● **Study material**:
:::::

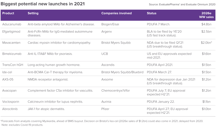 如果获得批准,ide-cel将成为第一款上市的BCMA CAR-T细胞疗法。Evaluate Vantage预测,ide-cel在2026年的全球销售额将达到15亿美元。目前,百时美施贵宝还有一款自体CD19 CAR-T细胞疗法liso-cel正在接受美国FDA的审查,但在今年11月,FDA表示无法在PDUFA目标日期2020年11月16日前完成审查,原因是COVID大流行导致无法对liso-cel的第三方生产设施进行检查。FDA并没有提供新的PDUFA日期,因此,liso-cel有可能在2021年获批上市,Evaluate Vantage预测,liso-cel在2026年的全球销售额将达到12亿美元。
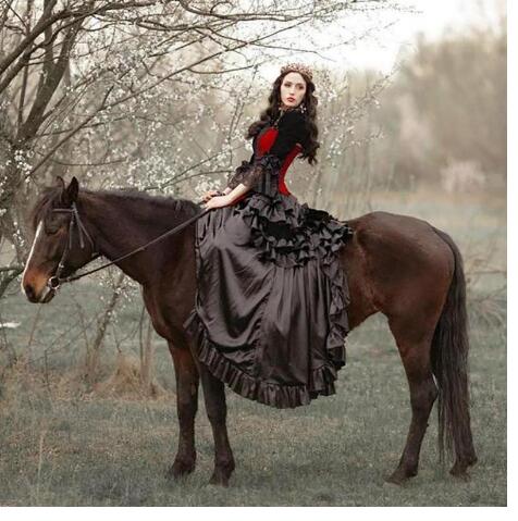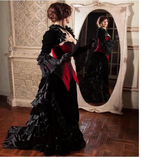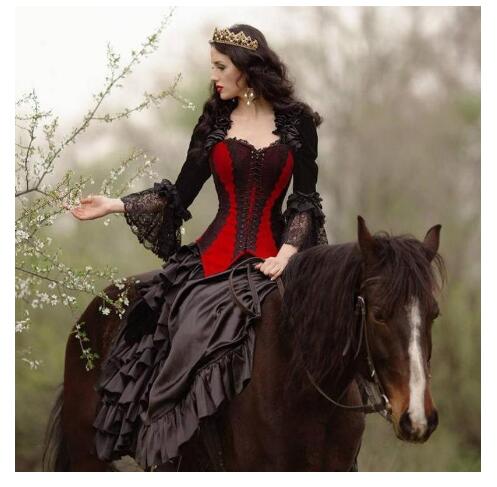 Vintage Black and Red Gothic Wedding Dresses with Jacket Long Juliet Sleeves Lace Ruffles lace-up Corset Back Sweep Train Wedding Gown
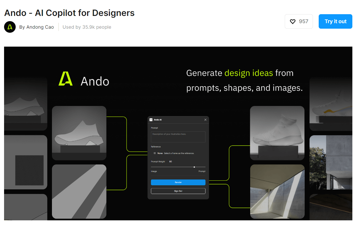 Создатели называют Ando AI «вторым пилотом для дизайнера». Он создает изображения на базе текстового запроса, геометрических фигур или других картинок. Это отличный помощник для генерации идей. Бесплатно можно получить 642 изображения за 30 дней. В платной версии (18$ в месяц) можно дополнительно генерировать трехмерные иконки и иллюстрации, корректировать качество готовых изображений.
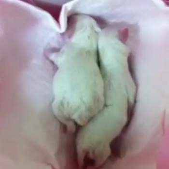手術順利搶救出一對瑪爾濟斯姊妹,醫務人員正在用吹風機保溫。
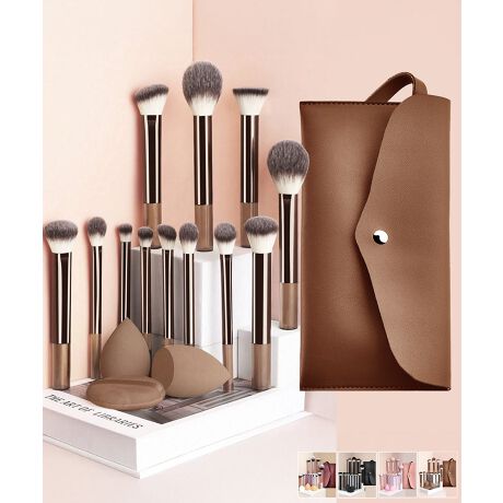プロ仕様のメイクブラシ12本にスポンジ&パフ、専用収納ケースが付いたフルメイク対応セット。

:::::

● **Directions**: Nothing but the pictures may be dropped as you repeat the listing above exactly.

● **Written response**:
 如果获得批准,ide-cel将成为第一款上市的BCMA CAR-T细胞疗法。Evaluate Vantage预测,ide-cel在2026年的全球销售额将达到15亿美元。目前,百时美施贵宝还有一款自体CD19 CAR-T细胞疗法liso-cel正在接受美国FDA的审查,但在今年11月,FDA表示无法在PDUFA目标日期2020年11月16日前完成审查,原因是COVID大流行导致无法对liso-cel的第三方生产设施进行检查。FDA并没有提供新的PDUFA日期,因此,liso-cel有可能在2021年获批上市,Evaluate Vantage预测,liso-cel在2026年的全球销售额将达到12亿美元。
 Vintage Black and Red Gothic Wedding Dresses with Jacket Long Juliet Sleeves Lace Ruffles lace-up Corset Back Sweep Train Wedding Gown
 Создатели называют Ando AI «вторым пилотом для дизайнера». Он создает изображения на базе текстового запроса, геометрических фигур или других картинок. Это отличный помощник для генерации идей. Бесплатно можно получить 642 изображения за 30 дней. В платной версии (18$ в месяц) можно дополнительно генерировать трехмерные иконки и иллюстрации, корректировать качество готовых изображений.
手術順利搶救出一對瑪爾濟斯姊妹,醫務人員正在用吹風機保溫。
プロ仕様のメイクブラシ12本にスポンジ&パフ、専用収納ケースが付いたフルメイク対応セット。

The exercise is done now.